И вот он наступил. Еще накануне те, кто уже успел получить обратно свои радиоприемники, сданные на хранение во время войны, слышали, как во всех направлениях облетела земной шар весть, неустанно повторяемая на языках народов, истомленных войной и жаждущих мира: "Гитлер из дэд"… "Гитлер э мор"… "Гитлер ист тодт"… – Гитлер мертв!

Никто не ложился спать в ночь на девятое мая. Все ждали, что с минуты на минуту передадут какое-то самое решающее, еще неслыханное последнее сообщение. Люди не выключали радио. Все ждали. Даже Катя не ложилась, хотя ее уже сильно клонило ко сну и она несколько раз стукалась лбом о стол, за которым терпеливо сидела со всеми.

И ночью щелкнуло что-то в репродукторе. Это был тот самый репродуктор, из которого когда-то Коля услышал в военную ночь имена художников Репина и Сурикова. Через него же потом, памятной ночью, стоя на холодном диване в нетопленной комнате, слушал Коля, как сообщали о разгроме гитлеровцев под Москвой. Теперь в горлышке уже не черной, а побуревшей от времени картонной воронки, каждому шороху в которой так жадно внимали все эти годы, щелкнуло, шевельнулось что-то, и голос диктора, столько раз читавшего приказы Верховного Главнокомандующего, голос, всем знакомый, ставший одним из привычных звучаний этого трудного времени, сообщил, что война окончена. Фашистская Германия капитулировала. Мы победили.

Можно ли было лечь спать после этого!.. Коля смотрел во двор и на уже светлевшее весеннее небо, стоя у окна – шторы затемнения сняли дней десять назад.

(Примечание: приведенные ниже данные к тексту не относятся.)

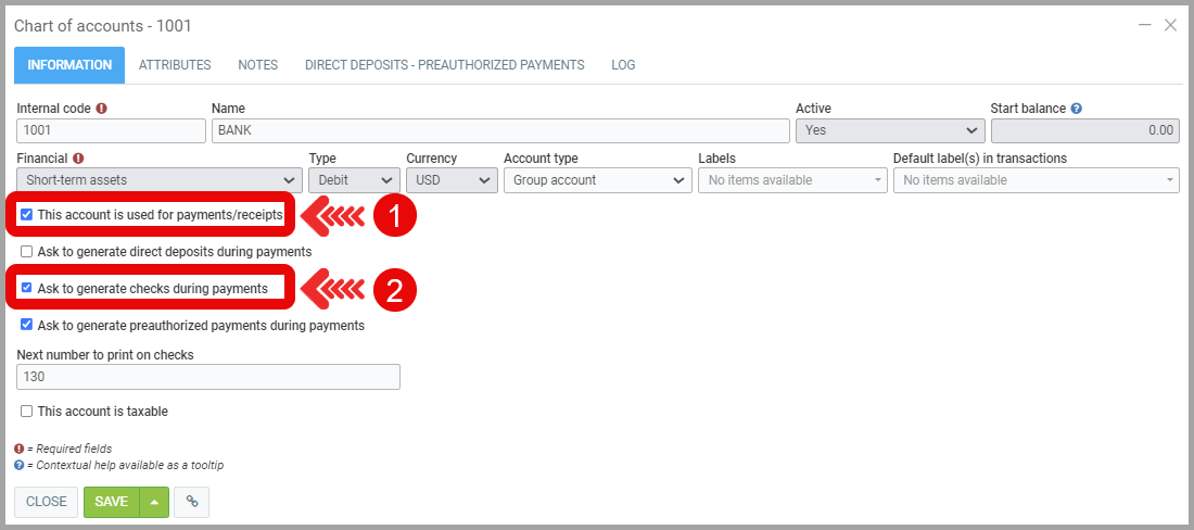 Enable Check Payments: To use this account for check payments, enable the following two options:

Вот здесь, в этом дворе, началась когда-то для Коли война. А сейчас она кончилась. И казалось, что какой-то сладостный, небывалый покой водворяется за окнами и в том столько раз уже нарисованном Колей уголке у крылечка, где сквозь темноту угадывался ствол старого дуба. Скоро он должен был снова выгнать лист.

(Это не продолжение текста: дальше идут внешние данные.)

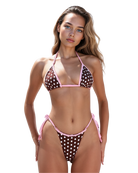 INFO: The name says it all - polka dots are in this summer..and we're all for it with this pink lined itsy bitsy teeny weenie polka dot bikini! A classic cut triangle halter and a high rise bottom with adjustable side ties and cheeky bikini bottom.

Всюду уже слышались голоса, быстрые, веселые шаги обрадованных людей. Звонили в квартирах телефоны. Свет многих окон заливал двор: нигде не спали, везде горели огни.

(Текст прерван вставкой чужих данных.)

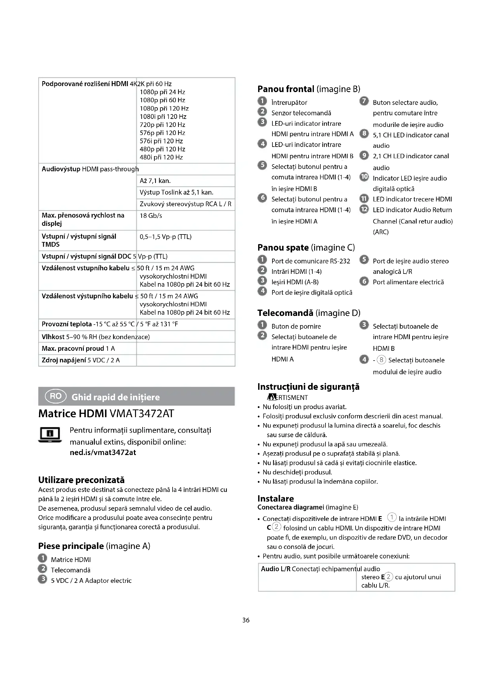 Ghid rapid de inițiere Matrice HDMI VMAT3472AT Pentru informații suplimentare, consultați manualul extins, disponibil online: ned.is/vmat3472at Utilizare preconizată Acest produs este destinat să conecteze până la 4 intrări HDMI cu până la 2 ieșiri HDMI și să comute între ele.De asemenea, produsul separă semnalul video de cel audio.Orice modicare a produsului poate avea consecințe pentru siguranța, garanția și funcționarea corectă a produsului. Piese principale (imagine A)

В это время кто-то позвонил и застучал в парадный подъезд. Коля скатился по лестнице, спеша открыть. Это был вожатый его – Юра Гайбуров.

– Мы с папой шли, видим – у вас огонь. А мы решили на Красную площадь пойти. Все равно не заснуть. Где ж тут! Хочешь с нами рассвет встречать? Отпустят тебя? Отец у ворот ждет.

И Колю отпустили. Да и можно ли было не пустить его в такую ночь!.. Коля вспомнил, как четыре года назад он хотел убежать вместе с Женьчей, чтобы сопровождать Костю Ермакова во время торжественной традиционной прогулки выпускников-десятиклассников по Красной площади. Тогда не пустили… И вот нет теперь Кости. Он отдал свою жизнь за то, чтобы пришла эта желанная торжественная ночь, когда не спала от счастья Москва.

Уже голубело все, когда они пришли на Красную площадь. Ночные тени, полные прохлады и таинственно-дремотного мрака, еще таились под пепельно-сизыми ветвями кремлевских елей. Ярко горели в вышине, в белесоватом предрассветном небе, звезды на башнях Кремля, с которых совсем недавно сняли защитные чехлы. И недвижно, словно сросшиеся с гранитом, лицом друг к другу стояли у входа в ленинский Мавзолей часовые.

Должно быть, мало кому спалось в эту ночь, потому что народу на Красной площади, несмотря на ранний час, собиралось все больше и больше. Так торжественна и величава была в эти предрассветные минуты Красная площадь, такие неоглядные просторы, казалось, видны были с ее плоскогорья окрест, что все невольно сдерживали голос, обмениваясь тихими поздравлениями, негромкими приветствиями. Стоял сдержанный, полный затаенного волнения гул человеческих голосов.

Но вот первый луч солнца, оттуда, из-за Замоскворечья, как волшебным жезлом, коснулся шатра Спасской башни. Сразу вспыхнуло на ней все золотом и багрянцем. И, словно по мановению этого жезла, пали последние ночные тени, и веселое, звонкое, ликующее утро сбежало вприпрыжку по ступенькам мелодичных ударов, которые отбили куранты башни. Тронутые лучами восхода, разбежались по небу розовые с позолотцей облака, заголубело во всю силу небо, и первое "ура" этого необыкновенного дня прокатилось через Красную площадь, всю залитую лучами раннего весеннего восхода.

– Это утро надо нам всем запомнить, друзья, – сказал профессор. – Внукам твоим когда-нибудь придется, Коля, рассказывать, как ты был на Красной площади и видел вот этот восход… Картину когда-нибудь такую нарисуешь, а, Орлец-Николец?

Он теперь часто так называл Колю после того, как тот заинтересовался малиновым мрамором – орлецом, который пошел на отделку некоторых станций московского метро.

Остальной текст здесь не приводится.